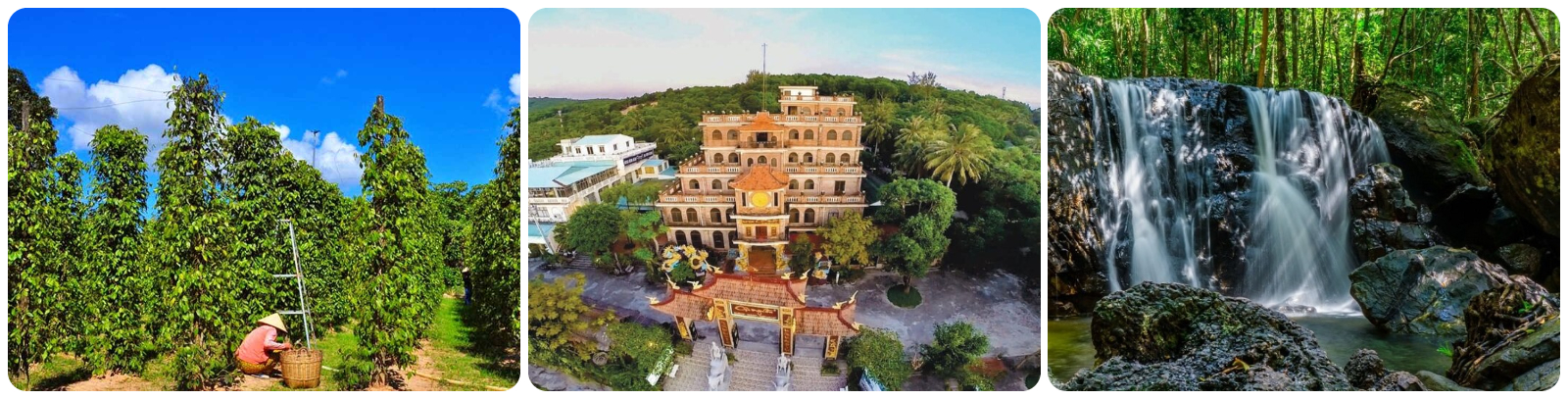 - Hồ tiêu Phú Quốc: tìm hiểu về cách trồng tiêu tại vườn. Tiêu Phú Quốc nổi tiếng với hạt to, đen và cay thơm. Du khách có thể mua tiêu về làm quà tại nhà vườn.
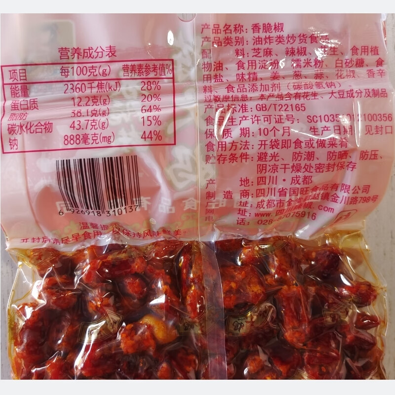 Aunt Chen Aunt Chen crispy pepper 400g Chengdu specialty sesame peanut crispy pepper snacks snacks snacks crispy pepper 400g*2 bags
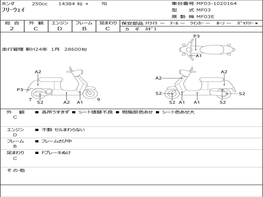 | Номер рамы / VIN | MF03-1020164 |
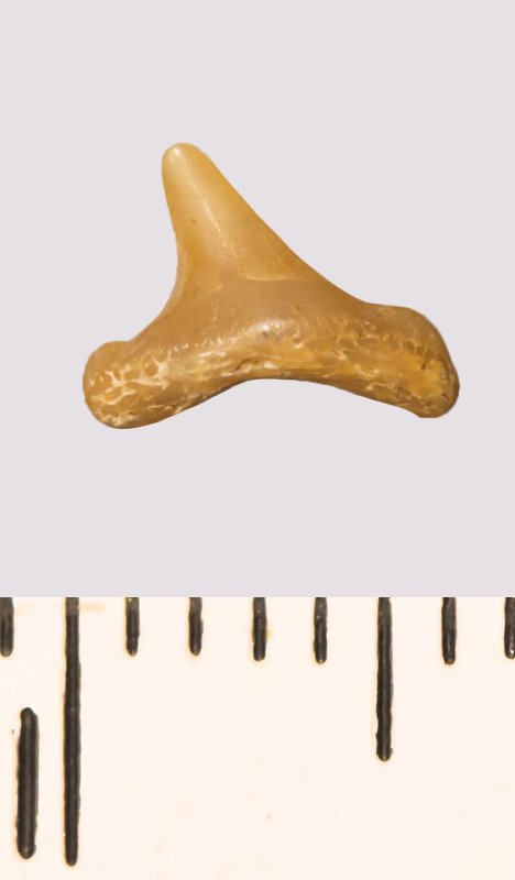 Зуб. Акула. Scapanorhynchus rhaphiodon Agassiz, 1843. Классификация: Хордовые Chordata, Позвоночные Vertebrata, Хрящевые рыбы Chondrichthyes, Пластиножаберные Elasmobranchii
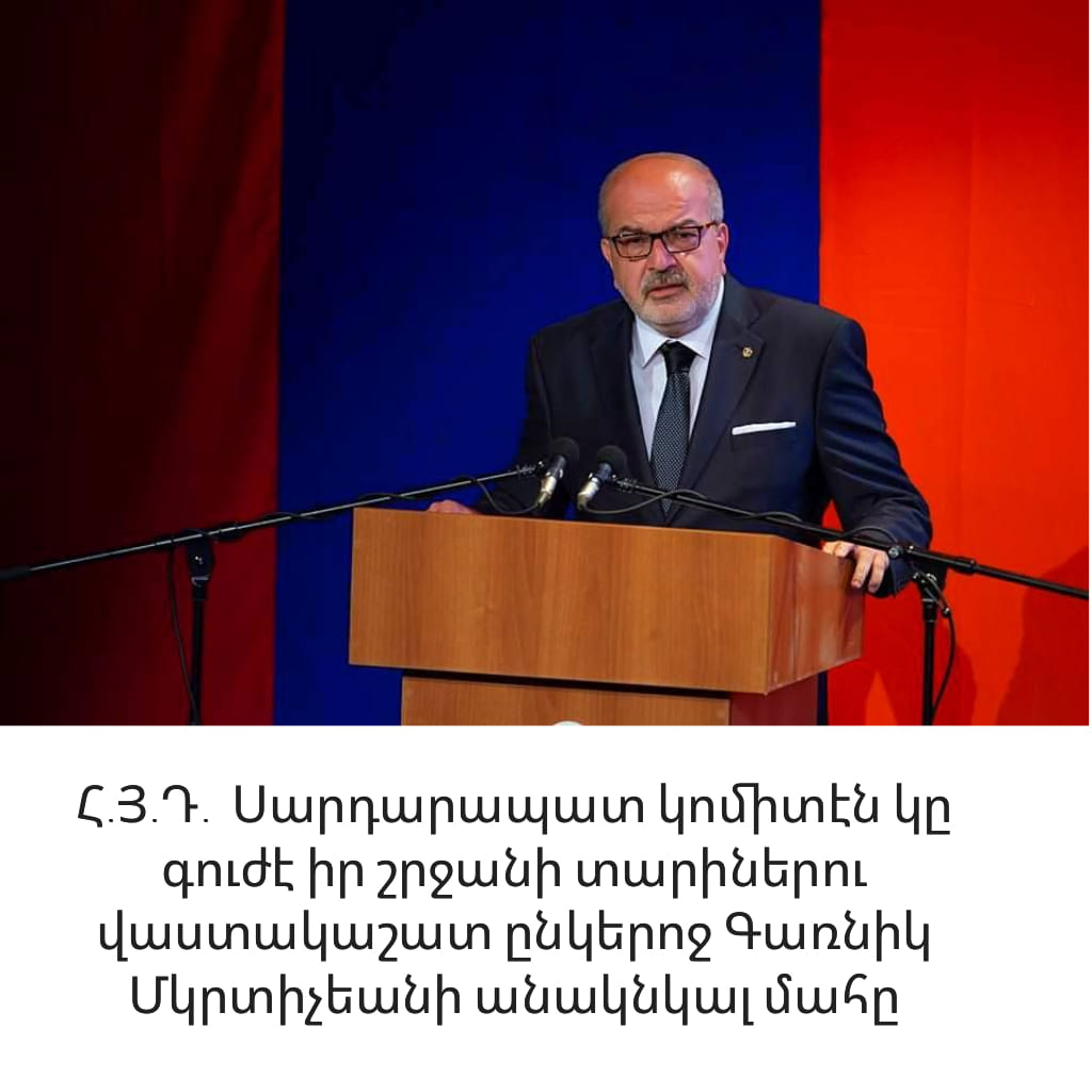 <a href="https://www.aztagdaily.com/wp-content/uploads/2021/01/135912714_1076590776100332_4529636082559581572_o.jpg"><img class="aligncenter size-full wp-image-495099" src="https://www.aztagdaily.com/wp-content/uploads/2021/01/135912714_1076590776100332_4529636082559581572_o.jpg" alt="" width="1024" height="1024" /></a>Յուղարկաւորութեան արարողութիւնը տեղի պիտի ունենայ ուրբաթ, 8 յունուար 2021-ին, կէսօրուան ժամը 12:00-ին Անթիլիասի Ս. Գրիգոր Լուսաւորիչ Մայր տաճարին մէջ:

◆ TASK OBJECTIVE
Your copy should begin at the line containing "Зуб. Акула. Scapanorhynchus" and end at the last line of the data above, matching each line exactly and holding no pictures.

◆ RESULT FOR THIS TASK
 Зуб. Акула. Scapanorhynchus rhaphiodon Agassiz, 1843. Классификация: Хордовые Chordata, Позвоночные Vertebrata, Хрящевые рыбы Chondrichthyes, Пластиножаберные Elasmobranchii
 <a href="https://www.aztagdaily.com/wp-content/uploads/2021/01/135912714_1076590776100332_4529636082559581572_o.jpg"><img class="aligncenter size-full wp-image-495099" src="https://www.aztagdaily.com/wp-content/uploads/2021/01/135912714_1076590776100332_4529636082559581572_o.jpg" alt="" width="1024" height="1024" /></a>Յուղարկաւորութեան արարողութիւնը տեղի պիտի ունենայ ուրբաթ, 8 յունուար 2021-ին, կէսօրուան ժամը 12:00-ին Անթիլիասի Ս. Գրիգոր Լուսաւորիչ Մայր տաճարին մէջ:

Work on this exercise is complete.